Клемент схватил ее за руку.
— Вы не выйдете так из этой комнаты, Маргарита Вильмот, — воскликнул он, обезумев от гнева и страсти, — нет, вы так не уйдете. Вы скажете мне просто и ясно всю правду. Вы не любите меня?
— Нет, я вас не люблю.
— Так это все был обман, комедия, ложь? Когда вы улыбались мне так нежно, так сладко, вы бессовестно лгали; когда вы краснели от радости и стыда, вы обманывали меня, как хитрая кокетка? Все — каждое нежное слово, каждый взгляд, каждая слезинка, дрожавшая как бы от счастья в ваших глазах, — все это была ложь, ложь, ложь, все была…
И несчастный закрыл лицо руками и зарыдал. Маргарита пристально смотрела на него, но в глазах ее не видно было ни слезинки; лицо оставалось холодным, бесчувственным, только губы ее были судорожно сжаты.
— Зачем ты это сделала, Маргарита? Зачем ты меня погубила? — промолвил, наконец, Клемент раздирающим душу голосом.
— Зачем? Я вам сейчас скажу, — ответила она тихо, но решительно. — Я вам скажу зачем, мистер Остин, и тогда вы станете меня презирать и вам будет легко забыть меня, выбросить навсегда мой образ из вашего сердца. Я была бедная, одинокая девушка; нет, я была хуже, чем бедная и одинокая; позорная история моего отца тяготела надо мной. Хорошо было такому презренному созданию, как я, возбудить любовь в джентльмене, который мог бы вывести меня из нищеты, дать мне честное имя, ввести меня в общество честных людей. Я была дочерью каторжного, отверженного, и ваша любовь представлялась мне блестящим средством выйти из того позорного бедственного положения, в котором я находилась. Я была человеком, Клемент Остин; и в крови моей не было ничего, что могло бы меня научить добру или удержать от соблазна. Я ухватилась за эту единственную для меня надежду на спасение и старалась всеми силами возбудить в вас чувство любви ко мне. Шаг за шагом я все более и более овладевала вашим сердцем и довела вас до того, что вы предложили мне свою руку. Таким образом, я достигла своей цели. Я торжествовала и была счастлива своим успехом. Но, вероятно, у самых жестоких преступников есть хоть какая-нибудь совесть. В прошедшую ночь моя совесть вдруг проснулась, заговорила во мне, и я решилась избавить вас от брака с женщиной с таким позорным, преступным именем.
Эту длинную речь молодая девушка произнесла самым хладнокровным, бесчувственным образом. Она говорила тихо, останавливаясь на каждой фразе, но ни разу не вздрогнула, не смутилась, как будто она на самом деле была несчастное, погибшее создание, которое не знает, что такое чувство, добро и честь.

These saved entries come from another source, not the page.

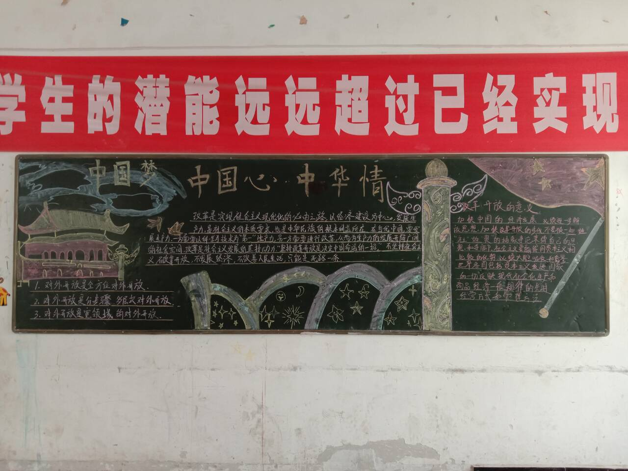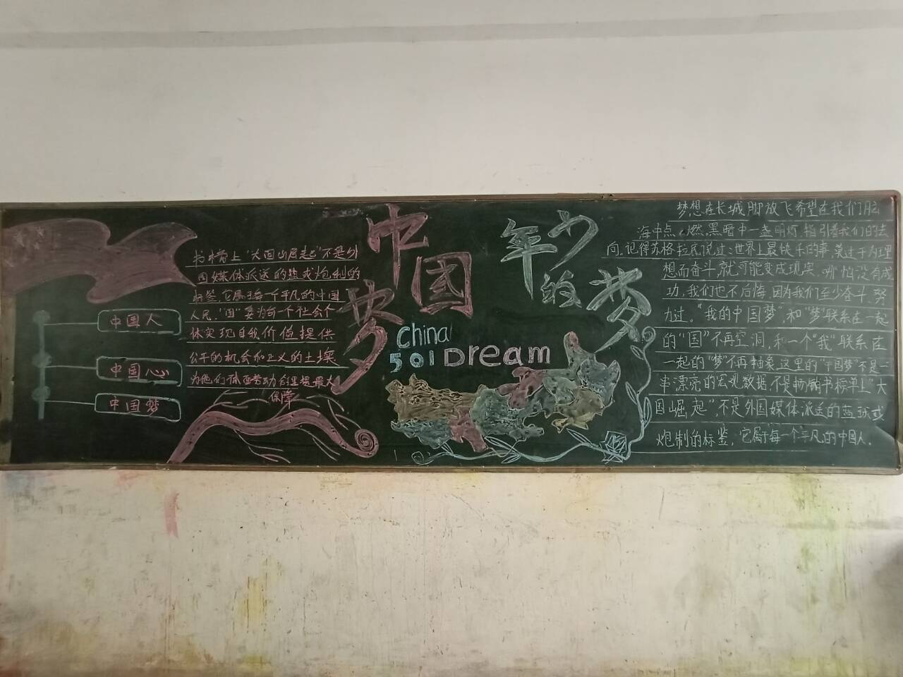 活动中,各班级积极搜集“中国梦”相关资料,认真探讨版面设计,用精美的插图和优美的语言文字抒发着对祖国的热爱,抒发着自己对“中国梦”的美好愿景,设计出了拥有班级特色的“中国情、中国心、中国梦”主题黑板报。
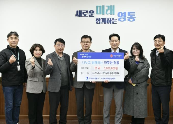 [참좋은뉴스= 기자] 수원시 영통구는 지난 24일 한국자산관리공사 경기지역본부에서 관내 경제적으로 어려움을 겪는 이웃을 위해 성금 500만 원을 기부했다고 밝혔다.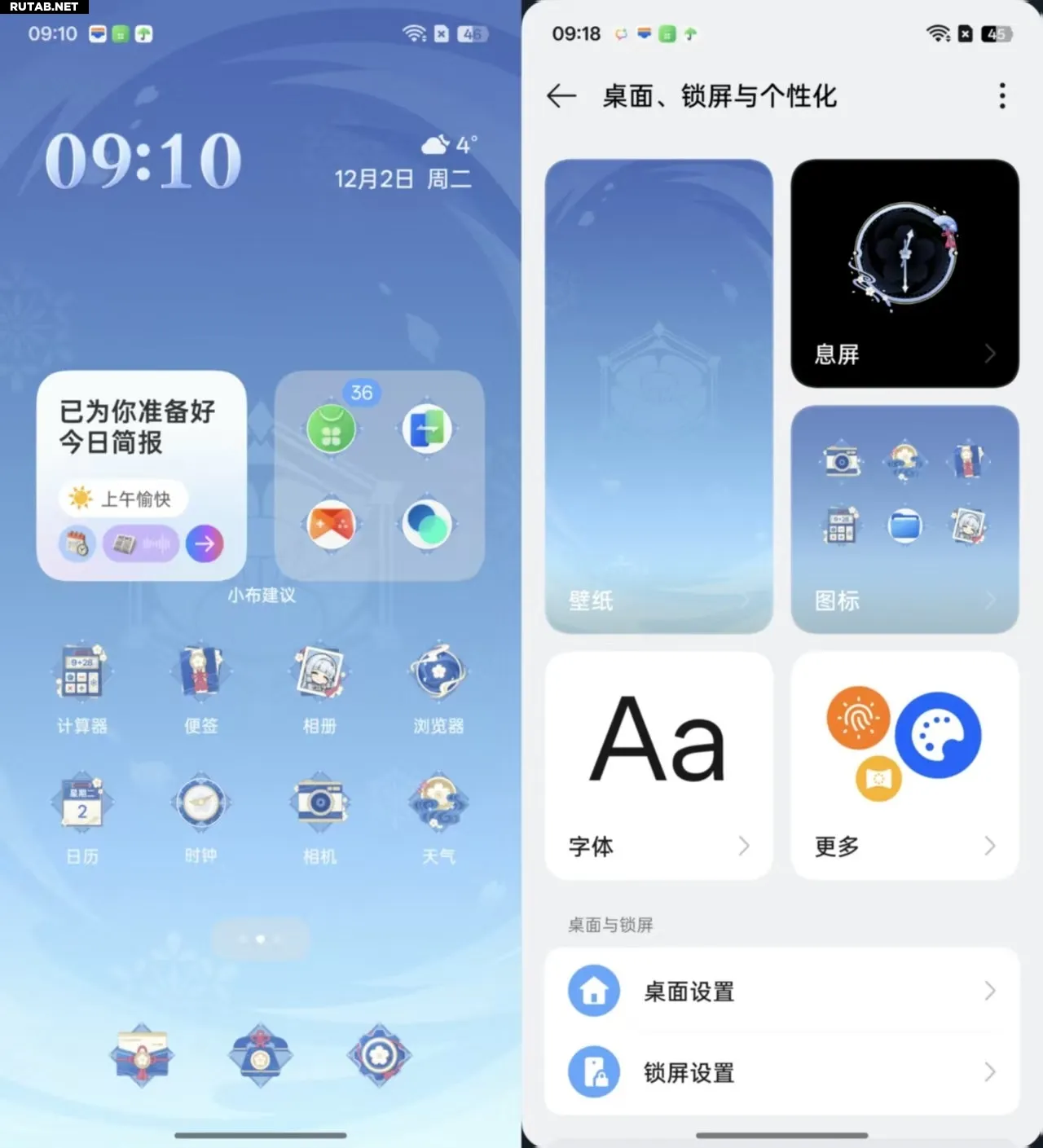 Системные кастомизации затрагивают все уровни: перерисованные иконки приложений в сине-золотой гамме, тематические звуки уведомлений и звонка, а также анимации включения, разблокировки и зарядки.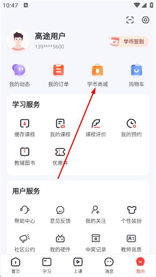 2、在个人中心页面,找到学币商城选项并点击,进入学币商城页面。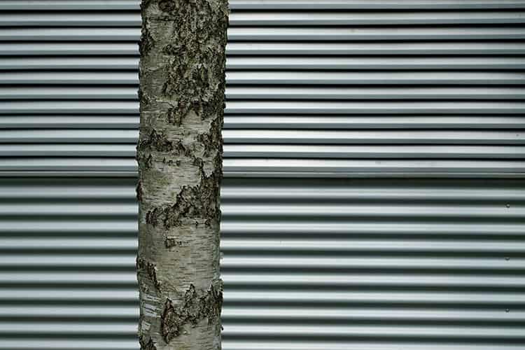Der Widerspruch zwischen Technik und Natur ist ein großes Motivgebiet. Man kann es von der „großen Seite“ her angehen und z. B. Kühltürme von Kraftwerken zeigen, neben denen Bäume klein und verloren wirken. Oder man nähert sich dem Motiv von der „kleinen Seite“ und setzt ins Bild, wie ein Löwenzahn den Asphalt durchbricht. Aber man muss gar nicht die Extreme wählen – ein Birkenstamm mit seinen unregelmäßigen Strukturen und eine geradlinige Blechjalousie tun es auch. Ein Blick auf die Wasserwaage in der Kamera hilft, späteres Korrigieren zu vermeiden. Wählt man bei der Aufnahme mit einem Zoom eine der mittleren Brennweiten, hat man gute Chancen, dass weder tonnen- noch kissenförmige Verzeichnung sichtbar werden. Aber natürlich spielen hier auch die Automatikkorrekturen per Firmware eine Rolle.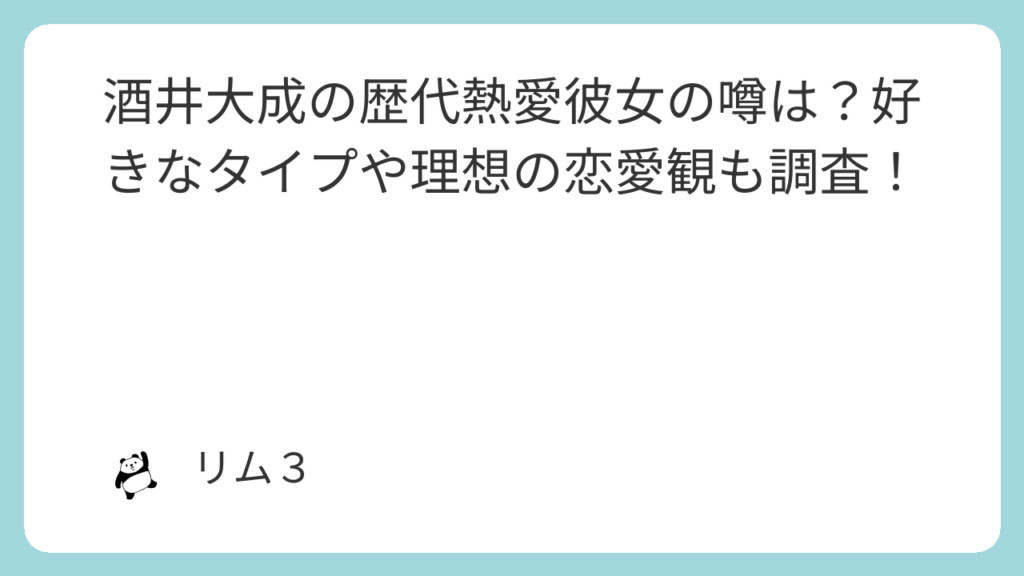 酒井大成の「好きな女性のタイプ」を深掘り!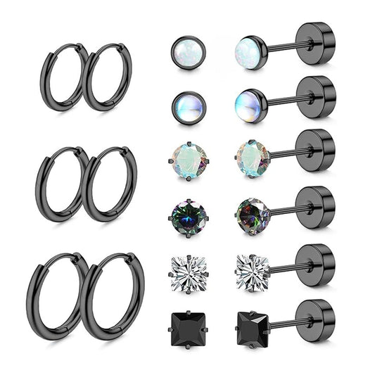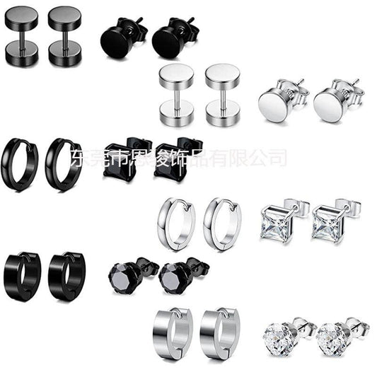 Sale price From $10.49Shipping IncludedStylish Geometric Zirconia Stud Earrings Set - Stainless Steel Ear Accessories for All Occasions

Остин устремил на нее изумленный взгляд и долго не мог опомниться.
— Боже милостивый! — воскликнул он. — Неужели можно так жестоко обманывать!
— Я теперь могу ехать, мистер Остин? — сказала Маргарита.
— Да, вы можете ехать, вы, которую я когда-то любил. Вы теперь сбросили с себя чудную маску, в которую я так слепо веровал, и предстали во всей ужасной, безобразной наготе. Ступайте, Маргарита Вильмот, и да простит вас Небо!
— А вы меня прощаете, мистер Остин?
— Нет, не могу, но буду молить Бога, чтобы он укрепил меня и наставил.
— Прощайте, Клемент!
— Одно слово, мисс Вильмот! — воскликнул Остин. — Я слишком сильно вас любил, чтобы перестать интересоваться вашей судьбой. Куда вы едете?